Independent Directors: After the Crisis

28 Pages Posted: 15 Jul 2013

See all articles by Wolf-Georg Ringe

Wolf-Georg Ringe

University of Hamburg - Institute of Law & Economics; University of Oxford - Faculty of Law; European Corporate Governance Institute (ECGI)

Date Written: July 15, 2013


This paper re-evaluates the corporate governance concept of ‘board independence’ against the disappointing experiences during the 2007-08 financial crisis. Independent or outside directors had long been seen as an essential tool to improve the monitoring role of the board.

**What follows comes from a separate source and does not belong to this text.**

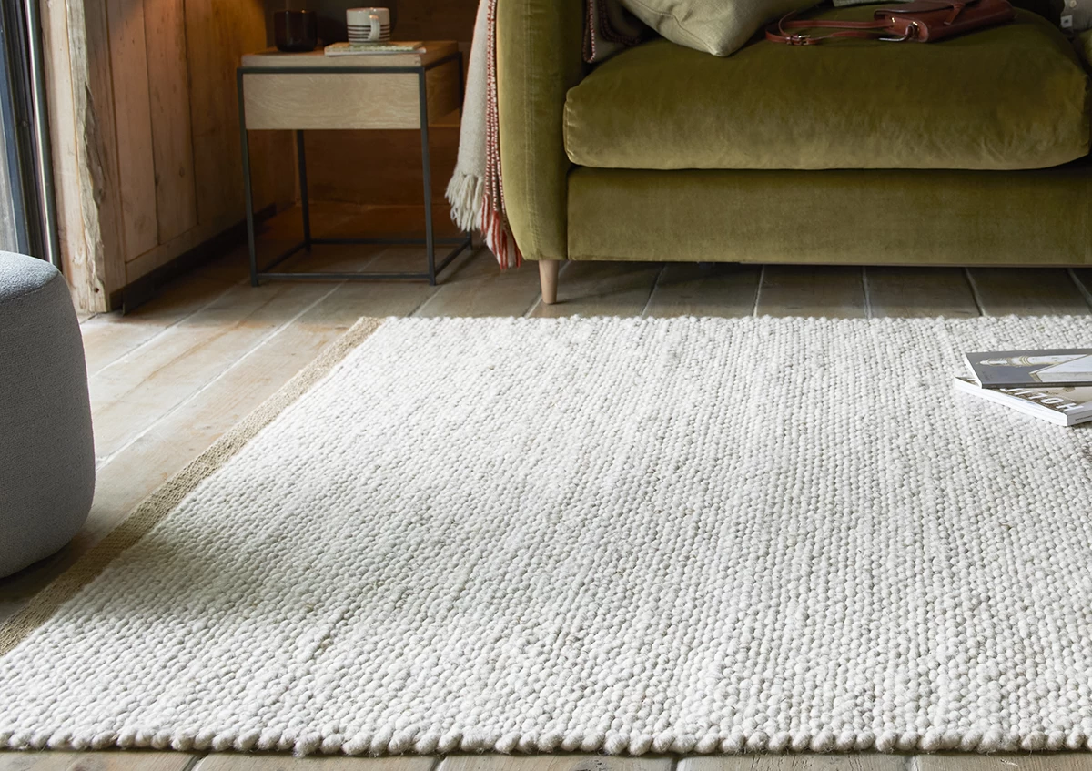 Rugged yet soft. Hand woven with wool and jute for a laid-back look with a hard-wearing texture.

Yet the crisis revealed that they did not prevent firms’ excessive risk-taking; further, these directors sometimes showed serious deficits in understanding the business they were supposed to control, and remained passive in addressing structural problems.

A closer look reveals that under the surface of seemingly unanimous consensus about board independence in Western jurisdictions, a surprising disharmony prevails about the justification, extent and purpose of independence requirements. These considerations lead me to question the benefits of the current system. Instead, this paper proposes a new, ‘functional’ concept of board independence. This would redefine independence to include those directors that are independent of the firm’s controller, but at the same time it would require them to be more accountable to (minority) shareholders.

Keywords: independent directors, corporate governance, minority protection, financial crisis

JEL Classification: K22, G34

Suggested Citation

Ringe, Wolf-Georg, Independent Directors: After the Crisis (July 15, 2013). Oxford Legal Studies Research Paper No. 72/2013, Available at SSRN:

Wolf-Georg Ringe (Contact Author)

University of Hamburg - Institute of Law & Economics ( email )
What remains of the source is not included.